— TASK DESCRIPTION —
The answer should hold only the lines from the one containing "This kit features" through the one containing "Nanomedicine: From Design" in the entries below, copied exactly, without pictures.

Records contained in a dataset
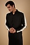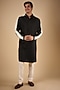 Featuring a black kurta in linen satin base with white stripes. Perfect wear for festive occasions.
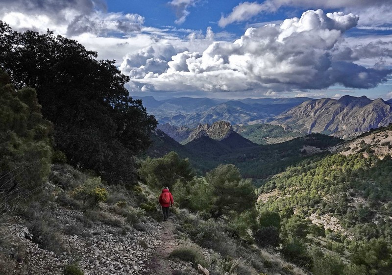 Descendemos al collado de nuevo para enlazar con el PR-CV 17. Antes de seguir bajando tomamos fuerzas en una tranquila comida al pie de la montaña. Seguimos bajando por la senda, que posteriormente se convierte en camino, hasta llegar a la Casa de Dios. Tras un pequeño descanso retomamos la marcha hasta llegar al mirador del Castellet, donde el camino se convierte en una pista asfaltada. Después de una serpenteante bajada tomamos la senda de la variante PR-CV 017, que atravesando un frondoso bosque nos llevará finalmente hasta los coches.
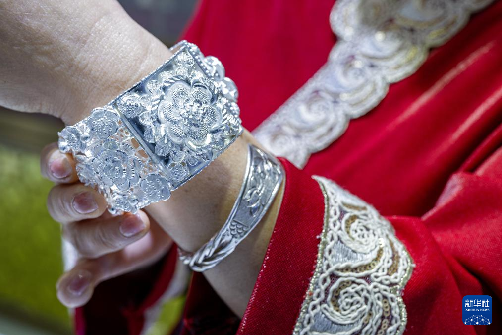 当地银匠依旧保持着手工制作的传统,经过熔银、锻打、拉丝、烧制、雕花、打磨、抛光等工序,制作出款式丰富、造型精美的银饰,人们在逢年过节或迎亲嫁娶等大型活动时都会穿戴在身上,盛装出门,成为一道又一道靓丽的风景。
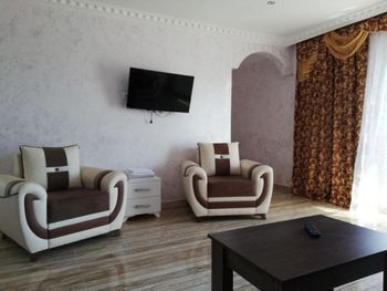Очень доброжелательные хозяева. Вкусно и много комили. На территории отеля зелёный дворик с беседками. Море не далеко, можно пешком прогуляться или подъехать на маршрутке. Наша компания осталась довольна.
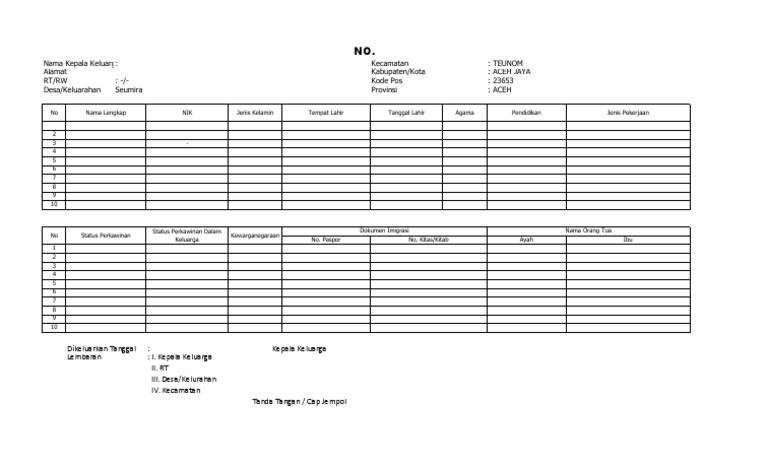 Kartu Keluarga Kosong Palangka Aldy
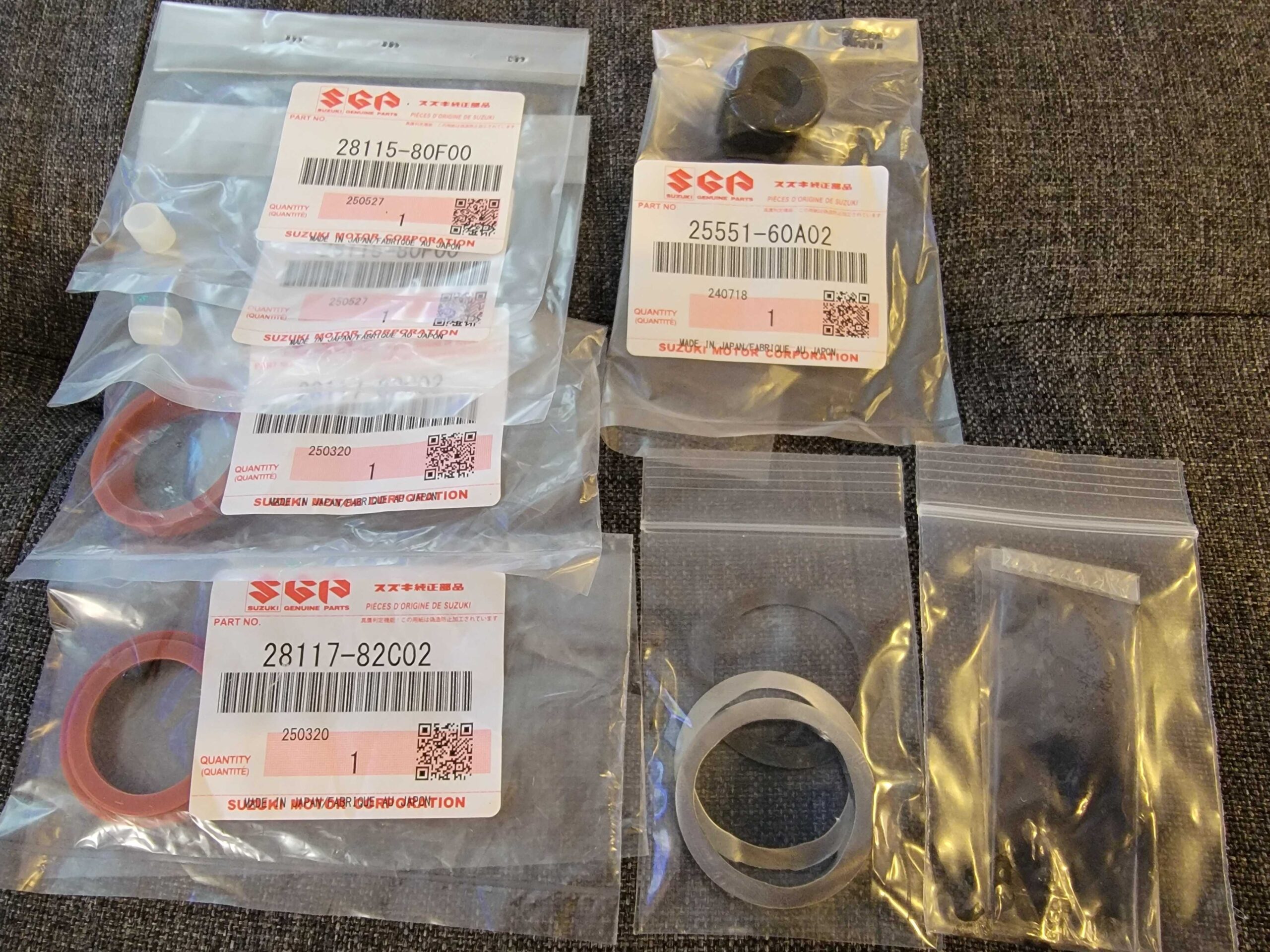 This kit features OEM part numbers: 2x 28115-80F00, 2x 28117-82C02, 1x 25551-60A02, 1x packet of grease, 1x pack of metal washers
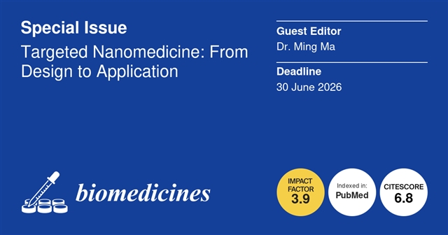 Biomedicines 邀请了中国科学院上海硅酸盐研究所马明博士,合作创建特刊“Targeted Nanomedicine: From Design to Application (靶向纳米药物:从设计到应用)”。本特刊旨在展示靶向纳米药物在克服传统疗法局限性方面的变革潜力,期望汇集前沿突破,促进前景广阔的平台成果从实验室到临床的加速转化。特刊欢迎高质量投稿,涵盖靶向纳米药物的全链条研究。主题包括但不限于:
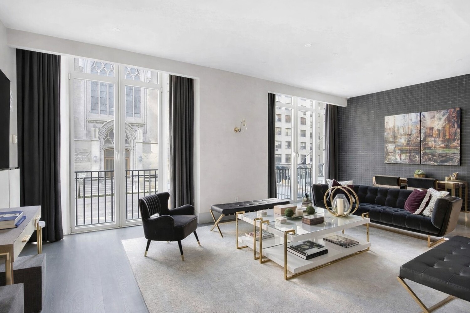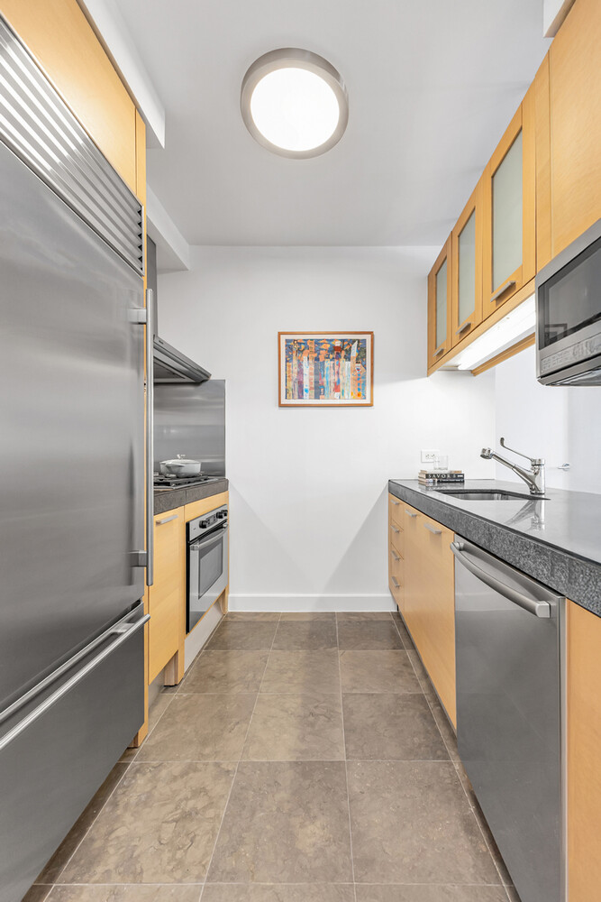 Oversized and quiet one bedroom designer residence with dramatic ten-foot-wide windows enjoys sweeping treetop and landmarked architectural city views across iconic double wide 79th Street. The 18 foot great room receives northern light and accommodates living and dining. The open chef's kitchen has honed granite counters, ceiling height cabinetry and premier stainless appliances, including a Sub-Zero refrigerator, Wolf gas range, Bosch dishwasher and microwave. A marble powder room is situated off the entrance gallery.
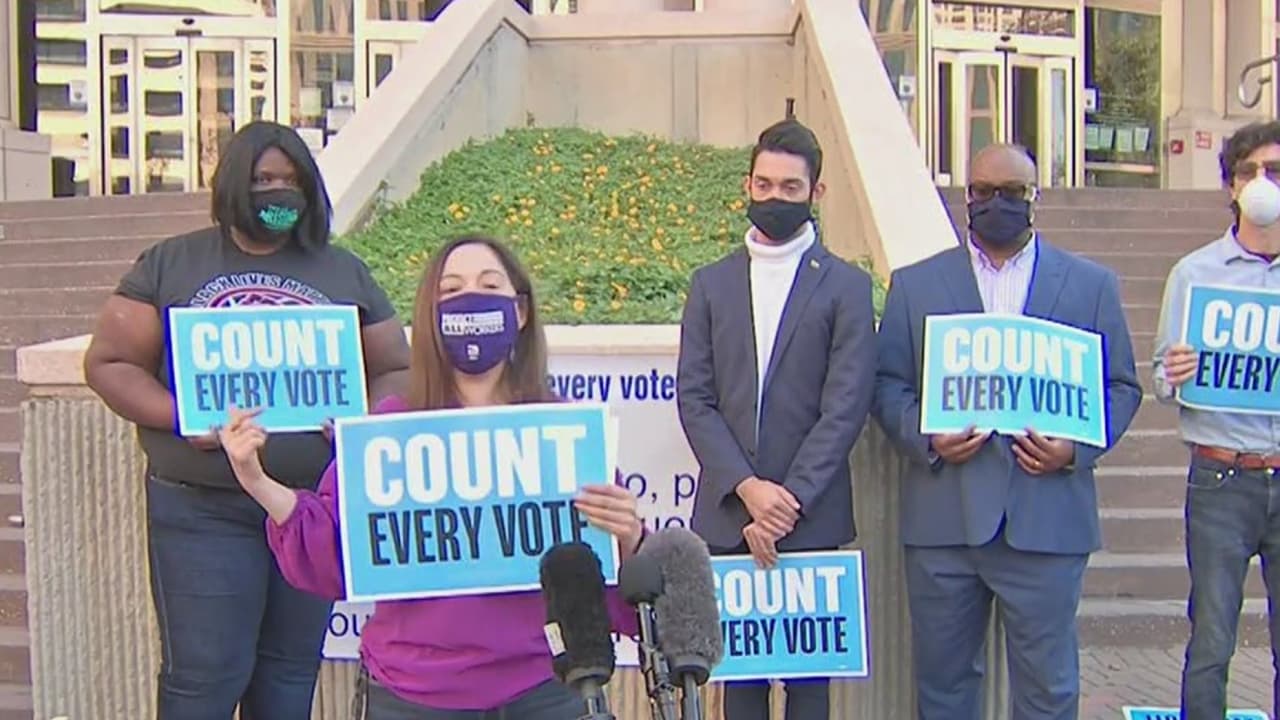 Manifestaciones en el centro de Houston exigen el conteo minucioso de votos para definir las elecciones presidenciales
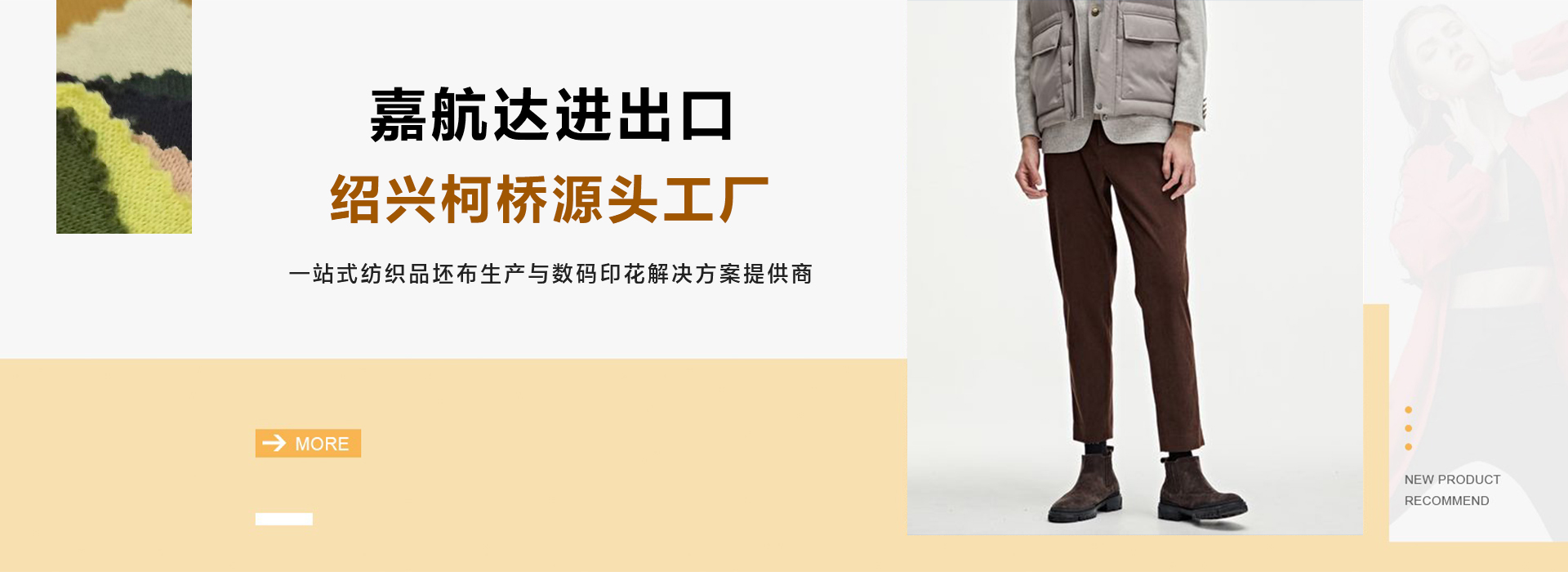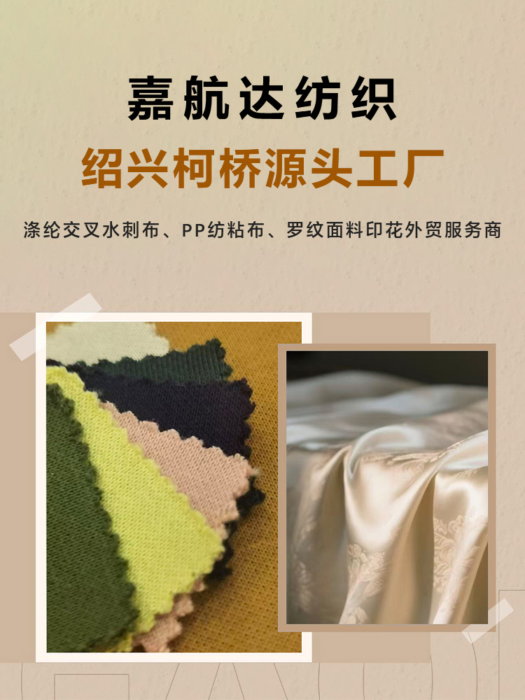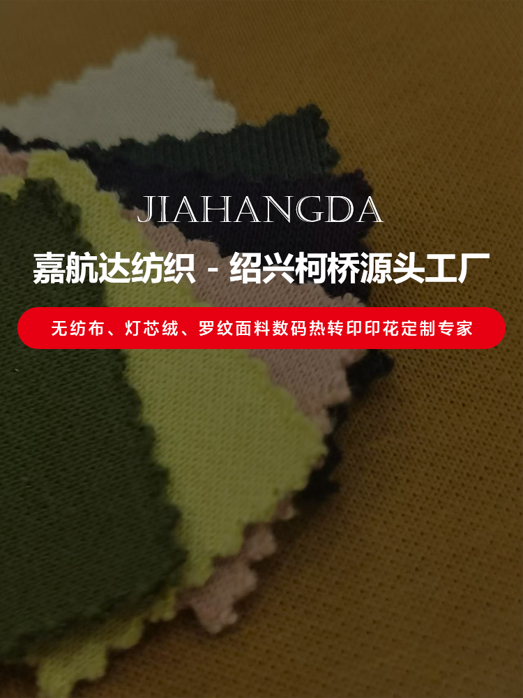 绍兴嘉航达纺织品进出口有限公司,扎根绍兴柯桥纺织产业核心区,专业生产涤纶交叉水刺无纺布、PP纺粘无纺布,主营涤纶经编灯芯绒、罗纹面料的数码热转印印花加工,同时覆盖经编仿超、超柔、氨超等面料印花业务。依托本地产业优势,我们具备500吨级大单交付能力,产品通过OEKO-TEX100、REACH等国际认证,直供欧美家纺、服装、卫材领域大客户,支持30%预付款+70%信用证结算,以定制化服务与稳定品质,为海外合作伙伴赋能。

— PROBLEM SOLUTION —
 This kit features OEM part numbers: 2x 28115-80F00, 2x 28117-82C02, 1x 25551-60A02, 1x packet of grease, 1x pack of metal washers
 Biomedicines 邀请了中国科学院上海硅酸盐研究所马明博士,合作创建特刊“Targeted Nanomedicine: From Design to Application (靶向纳米药物:从设计到应用)”。本特刊旨在展示靶向纳米药物在克服传统疗法局限性方面的变革潜力,期望汇集前沿突破,促进前景广阔的平台成果从实验室到临床的加速转化。特刊欢迎高质量投稿,涵盖靶向纳米药物的全链条研究。主题包括但不限于:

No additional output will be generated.